WHAT IS REQUIRED: Nothing but the lines from the one containing "Boîte à poudre" through the end of the data should be retyped, exactly as they stand, and pictures should not be retyped.

STORED DATA:
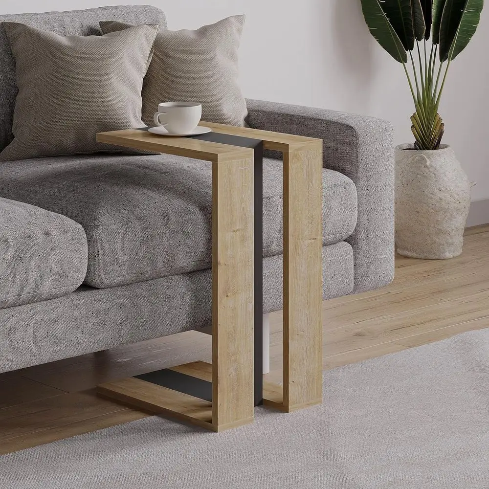 Bambus C Tisch Beistelltisch 360° ° Drehbares TV-Tablett für Couch, Snack-Beistelltische mit Telefon- und Tablet-Steckplatz für Badewanne/Liegestuhl/Bett/Sofa
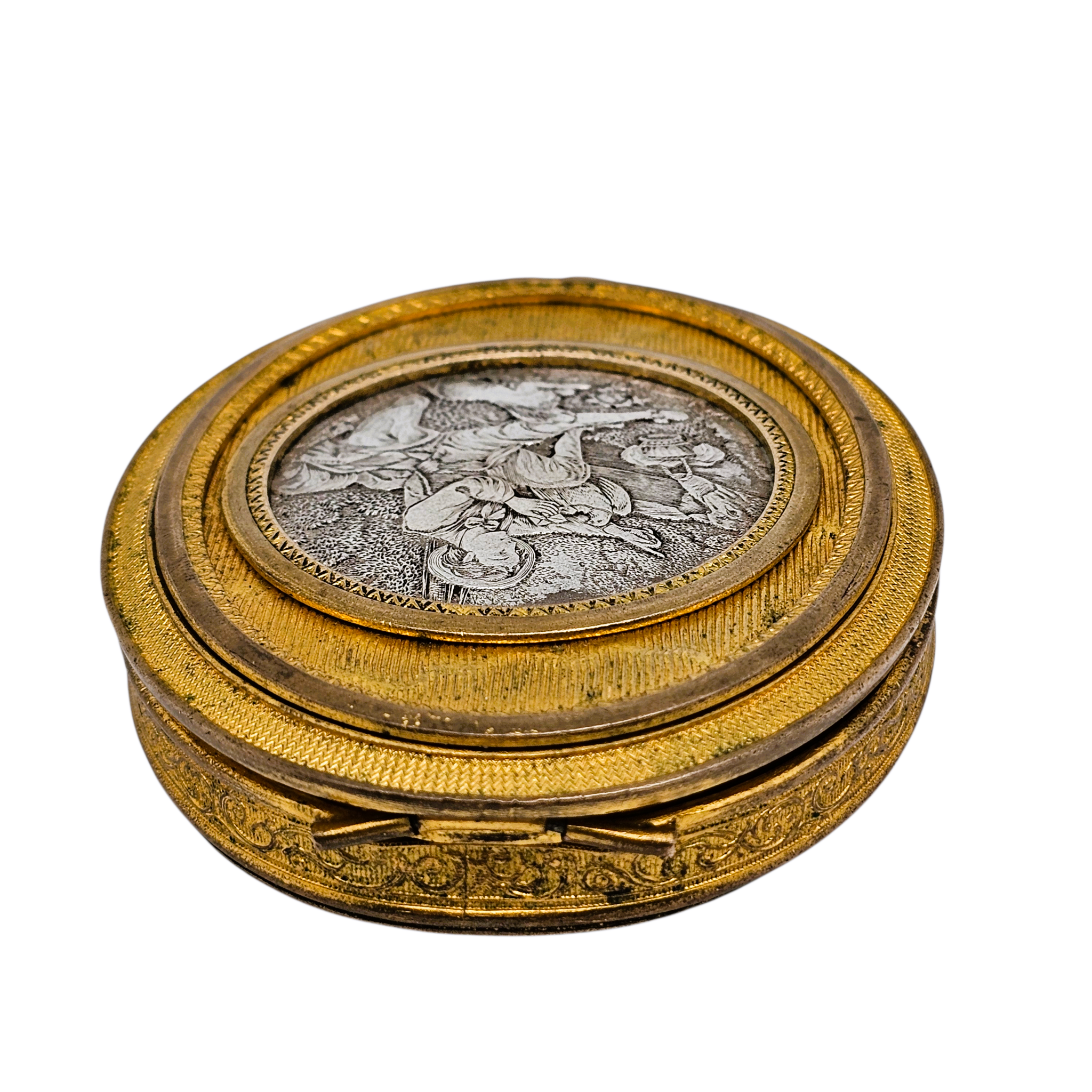 Boîte à poudre en métal doré, décor pastoral en métal argenté, circa 1820-1840
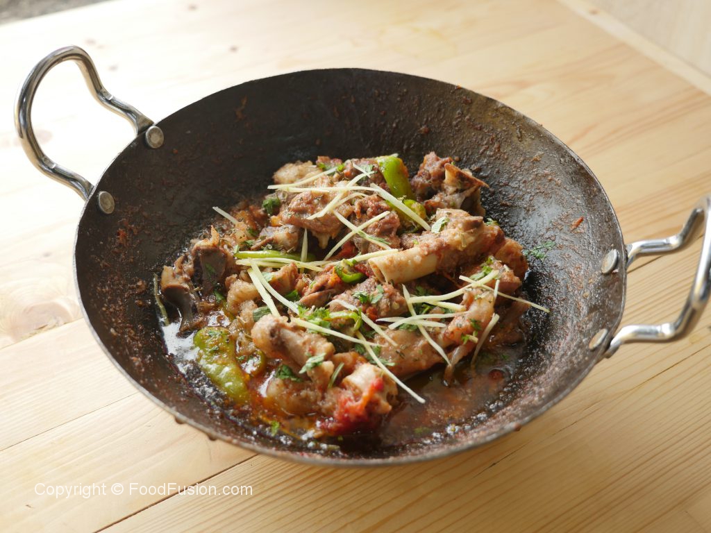 Karhai mein mutton with bones,fat aur namak dal dein.
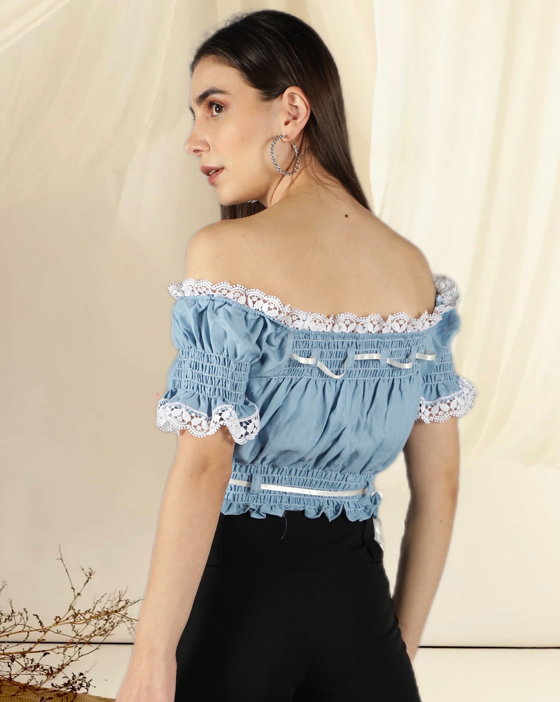 Emily top exudes ultra feminity with its crochet lace detailing, satin bow accents and smocked waist for the perfect silhouette.

EXERCISE RESPONSE:
 Boîte à poudre en métal doré, décor pastoral en métal argenté, circa 1820-1840
 Karhai mein mutton with bones,fat aur namak dal dein.
 Emily top exudes ultra feminity with its crochet lace detailing, satin bow accents and smocked waist for the perfect silhouette.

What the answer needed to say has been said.